Root Cause 5: Competitive Enrollment Pressure in Dense Trial Markets
In concentrated clinical trial markets — the Greater Boston area, Research Triangle, the Bay Area, and Houston Medical Center — multiple Phase II and Phase III programs in the same indication routinely run simultaneously, drawing from overlapping patient populations and the same pool of experienced sites and coordinators. Standard enrollment projections treat available patient population at a site as a standalone resource, which it is not.
A Phase III sponsor activating five Boston-area sites without analyzing what competing trials those sites are currently running — and what patient volume is already allocated — will consistently experience enrollment rates below standalone projections. Patients are shared; site coordinator bandwidth is shared; investigator attention is shared. These are resource constraints that affect enrollment velocity in ways that adding a sixth site cannot resolve.
Geographic diversification — deliberately selecting a portion of the site network in markets with lower competitive trial density for the relevant indication — can improve enrollment velocity without sacrificing the patient population depth that high-density markets provide. This requires competitive landscape analysis at the site selection stage, which most sponsors do not systematically perform.

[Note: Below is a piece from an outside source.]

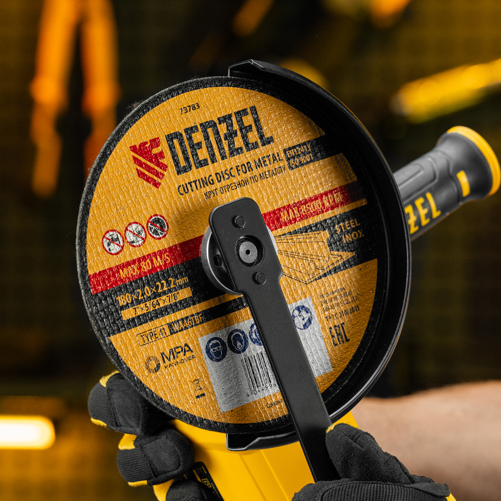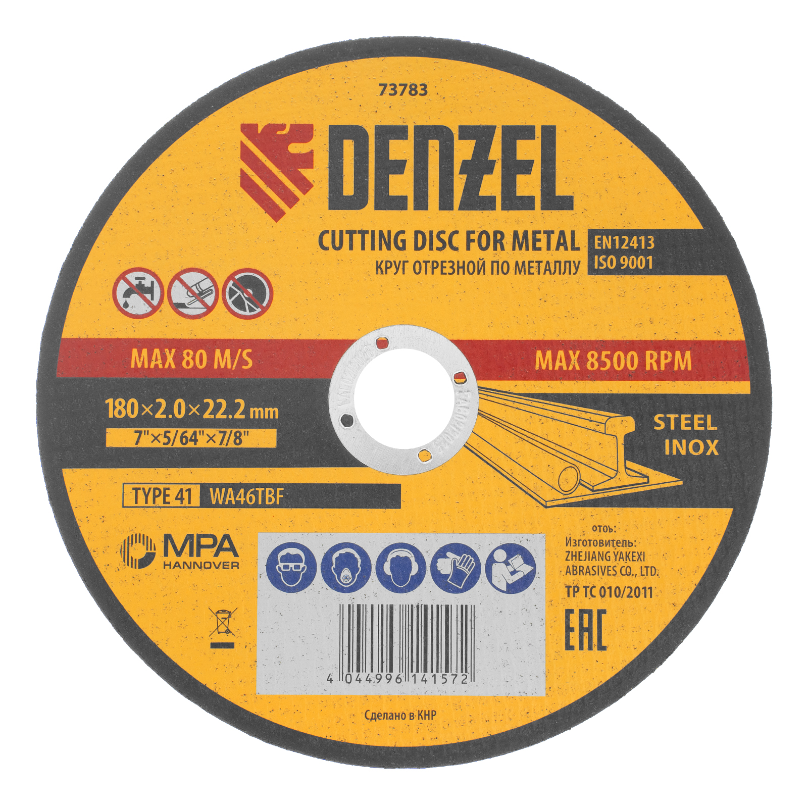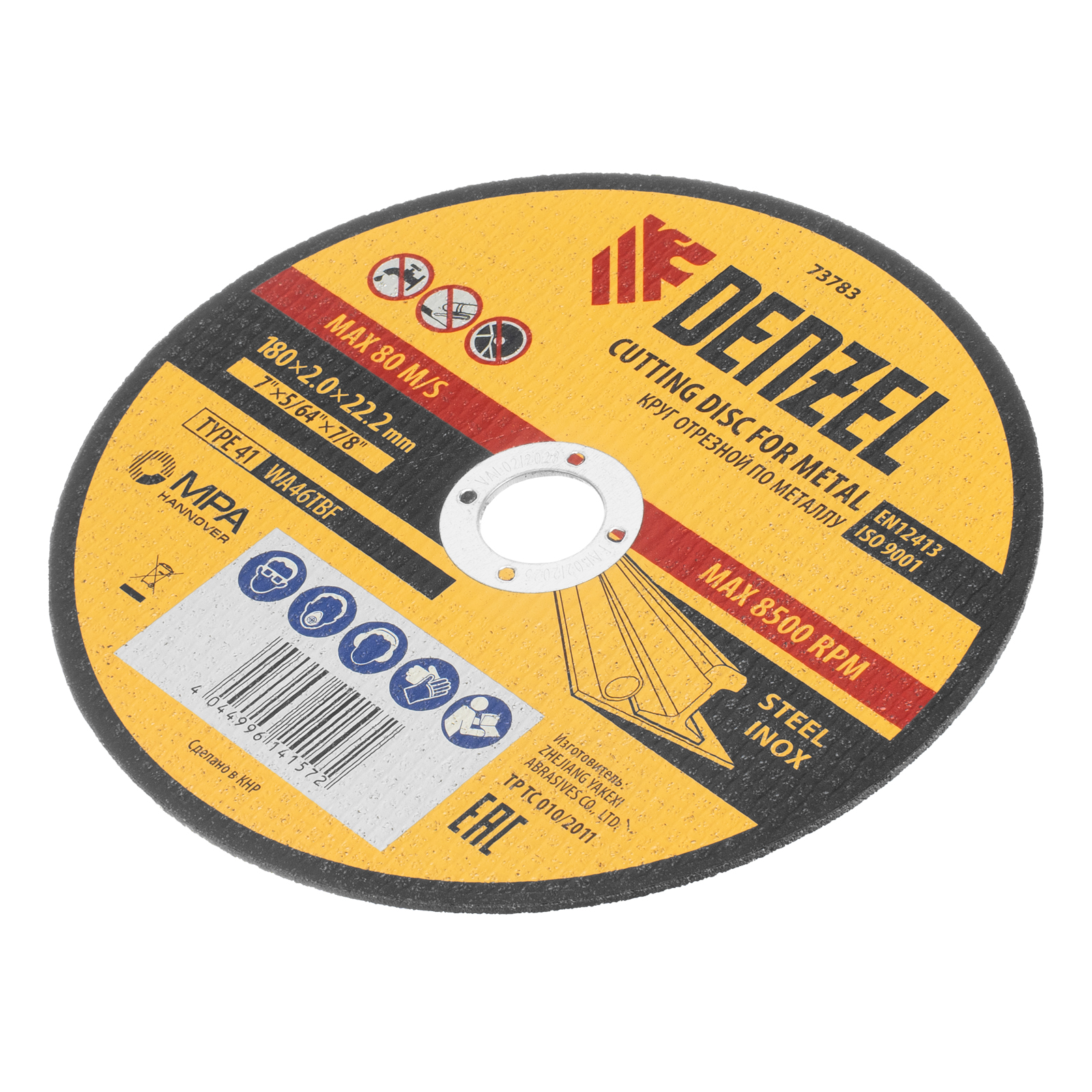 Отрезной круг по металлу Denzel WA46TBF 73783 диаметром 180 мм и толщиной 2,0 мм устанавливается на углошлифовальную машину с посадочным размером 22,2 мм. Предназначен для сухого резания углеродистых и нержавеющих сталей. Максимальная частота вращения составляет 8500 об/мин. Круг пригодится в слесарной мастерской.
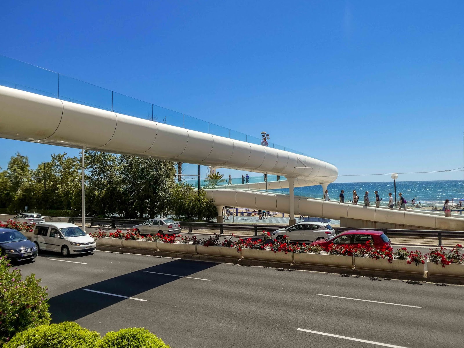 We walked across this cool looking bridge that took us across the highway to the beach.

The Compound Effect and the Path Out
These five root causes rarely operate in isolation. A Phase III program with suboptimal site selection, a complex 30-criteria protocol, passive-only patient identification, an optimistic 30% screen failure assumption against an actual 58% rate, and five sites in a competitive oncology market is not experiencing one enrollment problem. It is experiencing five compounding problems — and adding vendors or sites addresses none of them at their source.
The sponsors who consistently meet enrollment projections treat site selection as a data problem, protocol design as an operations problem, and patient identification as an informatics problem. Each of these is tractable. The clinical development timeline is largely determined by how early in the program lifecycle sponsors choose to treat them that way.